**Your objective**: Skip the pictures. Output only the lines below starting at the line with "I discovered Netonix" and ending at the line with "Selling a lovely", both ends included, exactly as they are.

**Supplied data**:
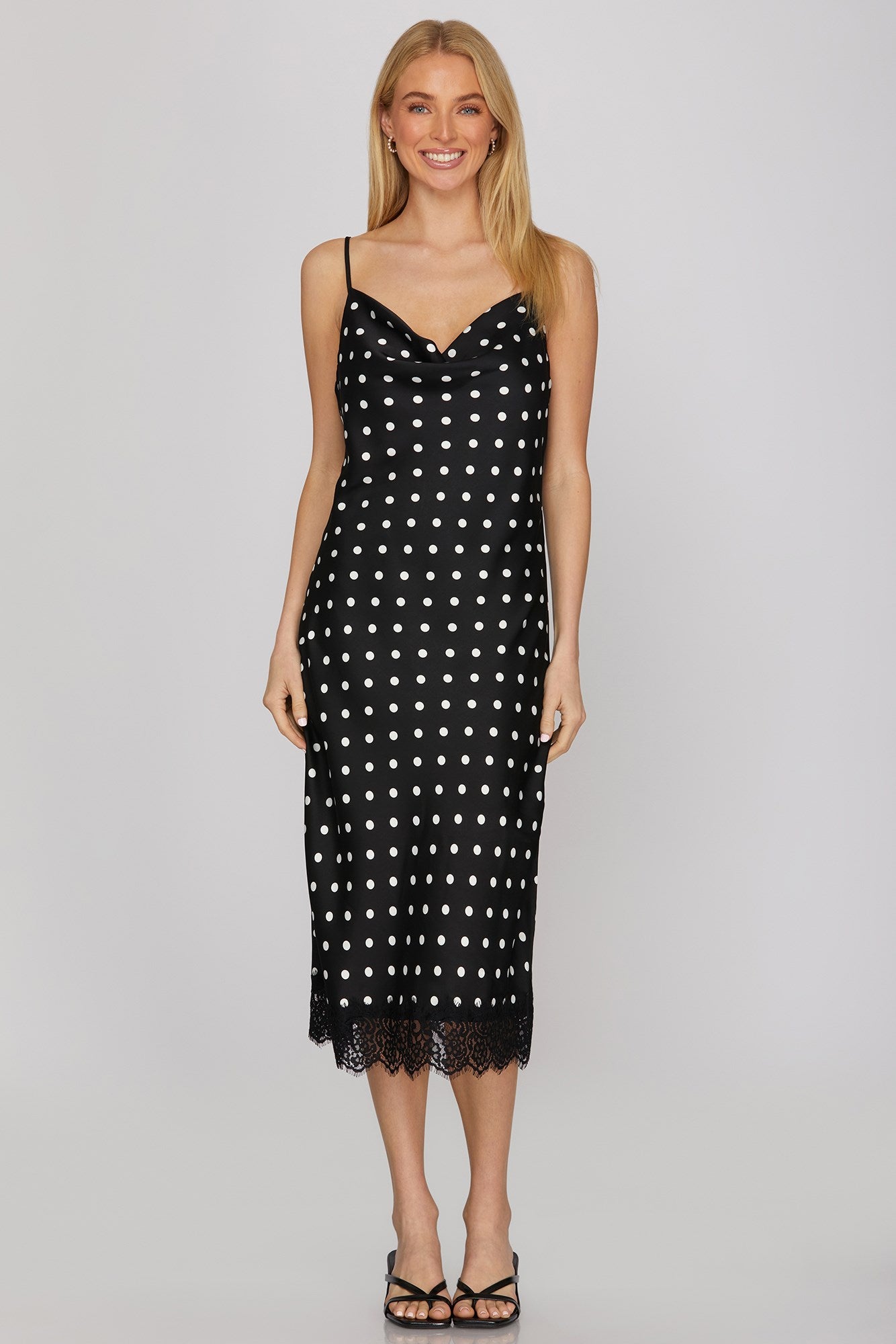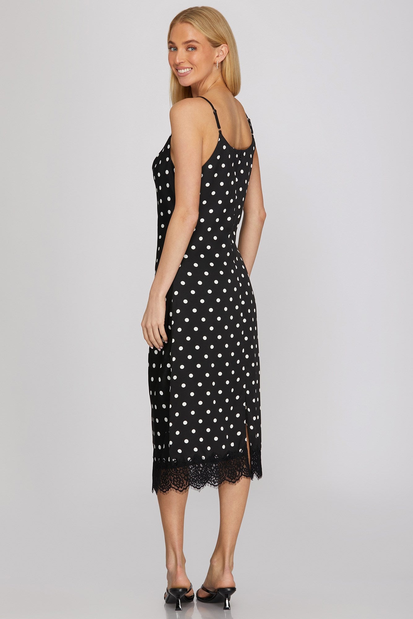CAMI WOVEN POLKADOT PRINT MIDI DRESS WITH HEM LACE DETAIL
...
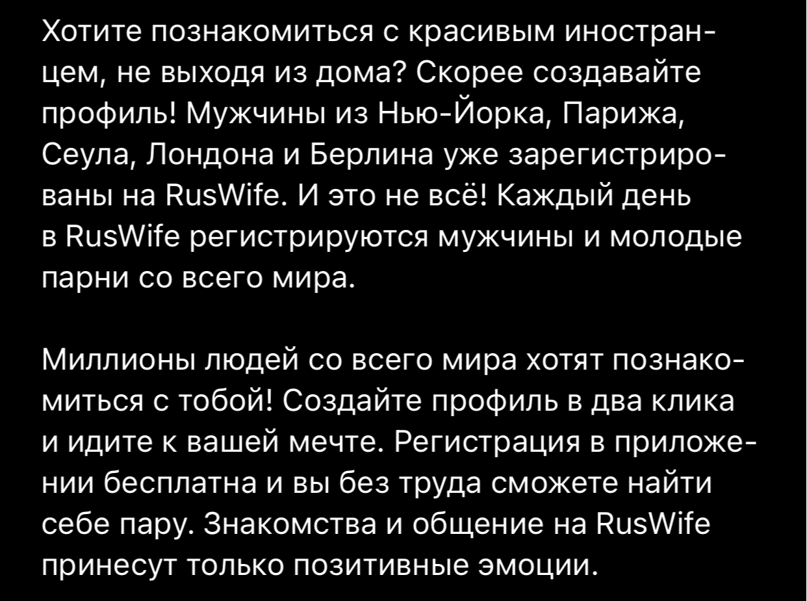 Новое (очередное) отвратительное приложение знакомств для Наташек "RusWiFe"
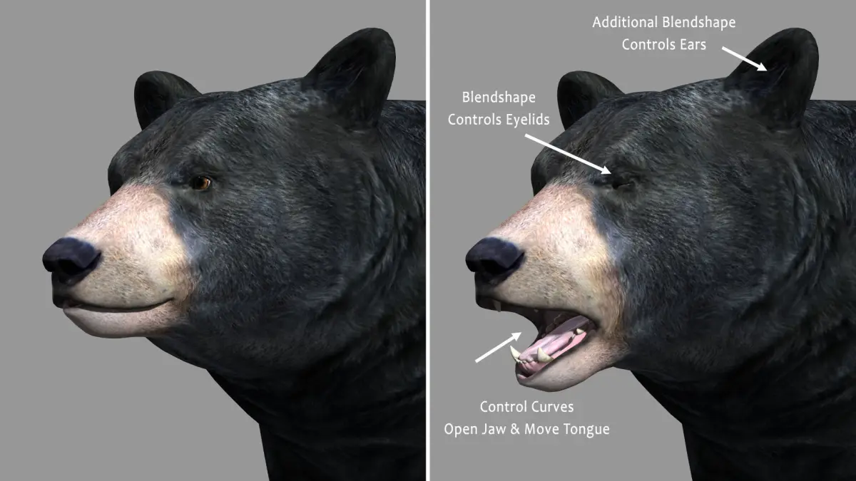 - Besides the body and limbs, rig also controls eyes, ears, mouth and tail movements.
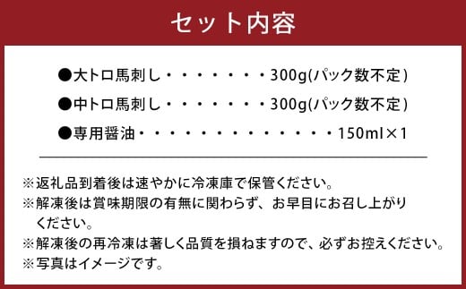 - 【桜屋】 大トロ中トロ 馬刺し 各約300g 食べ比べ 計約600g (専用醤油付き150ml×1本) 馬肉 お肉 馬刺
---
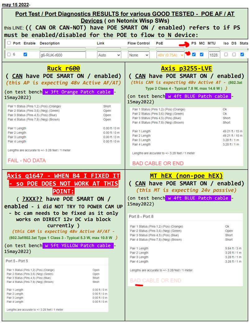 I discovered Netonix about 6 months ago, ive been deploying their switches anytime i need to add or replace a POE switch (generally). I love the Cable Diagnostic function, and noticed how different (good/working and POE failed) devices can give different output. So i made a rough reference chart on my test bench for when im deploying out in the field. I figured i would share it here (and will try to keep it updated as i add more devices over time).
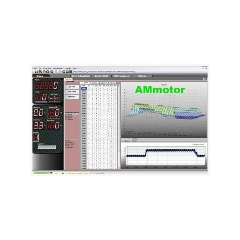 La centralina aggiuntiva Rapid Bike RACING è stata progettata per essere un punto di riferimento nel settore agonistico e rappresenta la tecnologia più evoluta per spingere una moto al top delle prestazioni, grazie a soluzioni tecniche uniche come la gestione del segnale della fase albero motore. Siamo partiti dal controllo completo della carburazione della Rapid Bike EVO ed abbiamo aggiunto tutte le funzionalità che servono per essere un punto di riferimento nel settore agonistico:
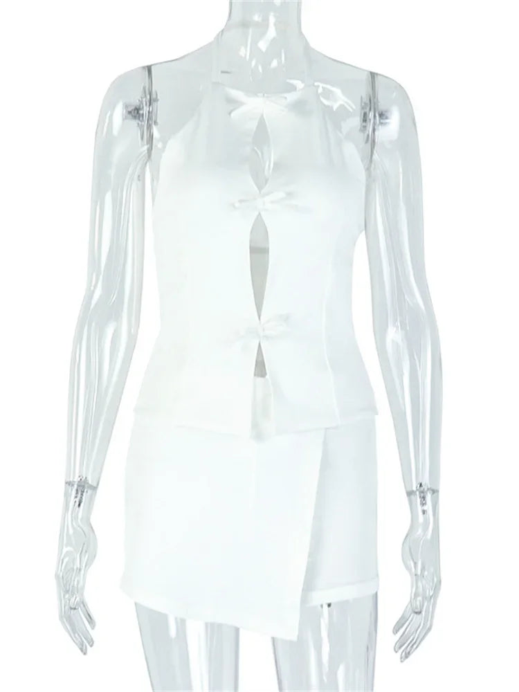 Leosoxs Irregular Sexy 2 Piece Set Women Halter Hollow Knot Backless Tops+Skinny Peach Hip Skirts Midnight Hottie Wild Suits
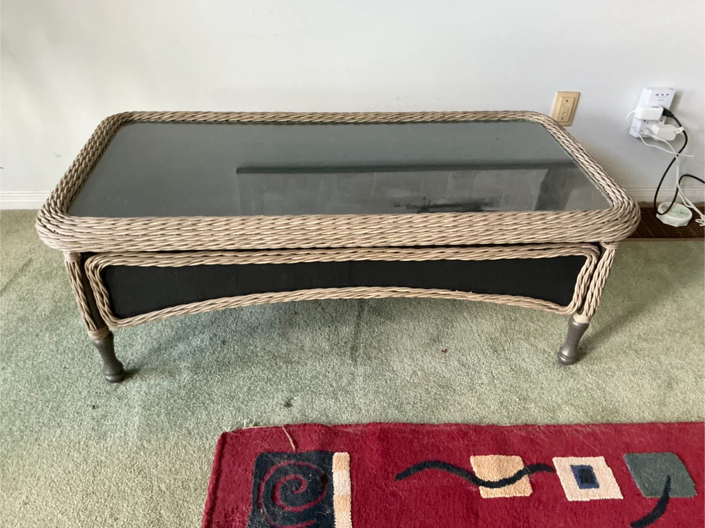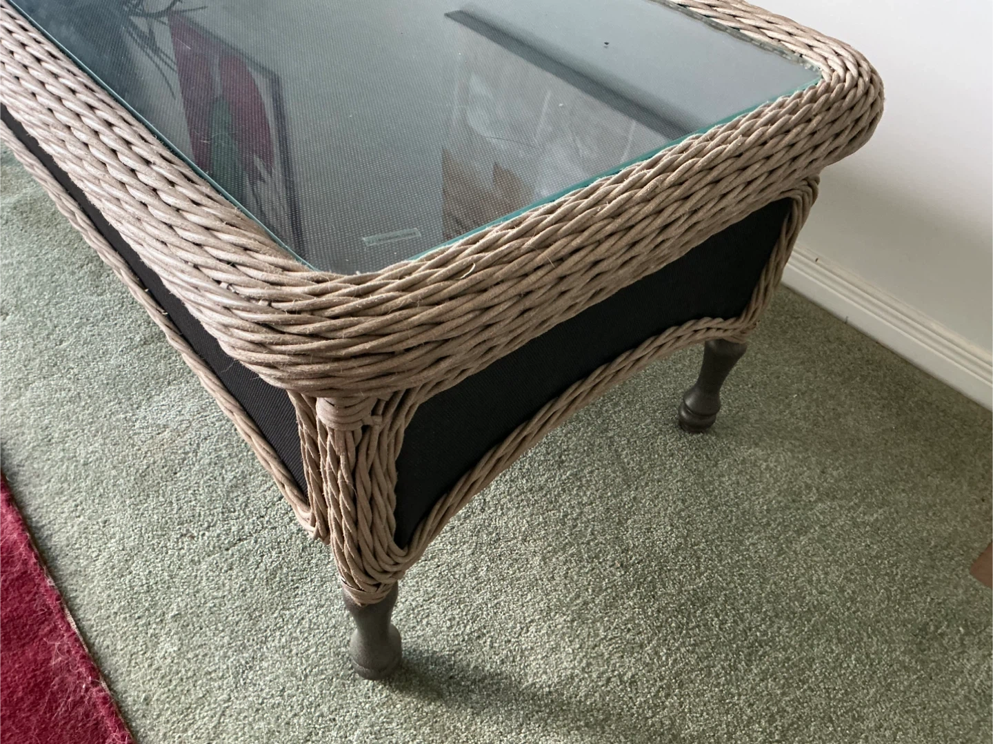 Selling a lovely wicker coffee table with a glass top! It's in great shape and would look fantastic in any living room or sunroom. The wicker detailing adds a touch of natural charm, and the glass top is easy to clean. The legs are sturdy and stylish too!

**Reply**:
 I discovered Netonix about 6 months ago, ive been deploying their switches anytime i need to add or replace a POE switch (generally). I love the Cable Diagnostic function, and noticed how different (good/working and POE failed) devices can give different output. So i made a rough reference chart on my test bench for when im deploying out in the field. I figured i would share it here (and will try to keep it updated as i add more devices over time).
 La centralina aggiuntiva Rapid Bike RACING è stata progettata per essere un punto di riferimento nel settore agonistico e rappresenta la tecnologia più evoluta per spingere una moto al top delle prestazioni, grazie a soluzioni tecniche uniche come la gestione del segnale della fase albero motore. Siamo partiti dal controllo completo della carburazione della Rapid Bike EVO ed abbiamo aggiunto tutte le funzionalità che servono per essere un punto di riferimento nel settore agonistico:
 Leosoxs Irregular Sexy 2 Piece Set Women Halter Hollow Knot Backless Tops+Skinny Peach Hip Skirts Midnight Hottie Wild Suits
 Selling a lovely wicker coffee table with a glass top! It's in great shape and would look fantastic in any living room or sunroom. The wicker detailing adds a touch of natural charm, and the glass top is easy to clean. The legs are sturdy and stylish too!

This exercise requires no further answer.